I hate cancer. There's just no other way to state it. Hate hate hate hate hate.
I hate how it's part of your own body, so you kind of end up hating your own body if you have it, or hating the body of someone you love if it's someone else suffering. It must be horrible to know that there is something inside you slowly killing you, as if your own body has turned against you.
I hate all the war dialogue that goes with the public face of having cancer: "fighting", "surviving", "losing the battle". And there's a lot of judgy stuff about who wins this fight too. Subtext: only losers lose, and by losing what people really mean is die.
I understand that everyone has to die of something and I don't expect to live forever. But my personal experience so far has been younger people getting cancer and dying of it. Sub-70 I mean. In the last month I've had a lovely neighbour diagnosed with it, a woman I knew well through work die of it, the second anniversary of the death of my father (whose death came about through a complication from surgery to cut it out), and a close friend of my partner's is likely to pass away from terminal cancer shortly. None of them have been what I would call old.
And none of them have been bad people either. It's the whole "when bad things happen to good people" injustice all over again. I'm not dealing with it very well, especially when I consider that so many of these people with cancer, still living or killed by it, are close to my son. He won't remember his Grandad, and he may well not remember any of the others either if/when they die too. It just seems so unfair.
6 comments:
Cancer is an awful thing. Though I do remember a moment in stage I Pathology, where the lecturer, having remained quiet for about 5 minutes, walks to the lectern and in a some what subdued voice, "half of you will die of either cancer or heart disease".
Everyone looks around, and we're all thinking the same thing.
Still sucks.
I feel ya. I had two young friends die (aged 20 and 22) and the only other person I know who has died from it was a family friend who was in her 40s. :/
Not cool.
I never thought about cancer until my nanny was diagnosed with it and died about two weeks later from it. I couldn't believe what it did to her. I still can't believe what happened to her. It feels almost like it wasn't real and it didn't happen to her. I feel so massively crushed every time I think about Nanny and I keep thinking about what she looked like at the end. It's so unfair. I hate cancer so much too.

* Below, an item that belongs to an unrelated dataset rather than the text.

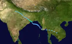 The storm originated from the monsoon trough on November 7 in the Bay of Bengal, east of India. Moving northwestward, the system gradually intensified while moving toward land, eventually developing an eye in the middle of the convection. Reaching peak 3 minute winds of 120 km/h (75 mph), the IMD classified the system as a very severe cyclonic storm, in line with the 130 km/h (80 mph) wind estimate from the JTWC. On November 9, the cyclone made landfall near the border of Andhra Pradesh and Orissa.[2][3] Atypical for most November storms, the system continued to the north and dissipated over Nepal on November 11.[2][16]

I feel for you. A few days ago I met a friend, who I had known was unwell, but learned it was cancer. As you get older, inevitably you know more people who get it and you fear it more yourself. It is everywhere.
I also hate that healthcare insurance company in the USofA which has been finding ways of getting breast cancer sufferers off its books. And I hate those people who prevent girls getting a vacine for cervical cancer because they are afraid those girls will have sex.
Thanks for the comments. There's just this sense of dread when you hear the C word, even though a lot of people don't die (and in fact with my Dad his death was quite unexpected, given the size of the cancer etc). I think perhaps the uncertainty is part of the cruelty of the disease, in an odd way.
B - I still have days, even after two years, when I see an older white guy with scruffy grey hair and a blue shirt on and I think he's Dad for 5 secs.
Hi Julie,
I've had a number of people in my life die of cancer as well. Including my Dad, when I was in my early 20's. He never saw his grandchildren either.
My sister in law is currently facing surgery next week to get a large malignant tumour removed.
The only thing I can do at this point is pray, and hope that it isn't her time yet.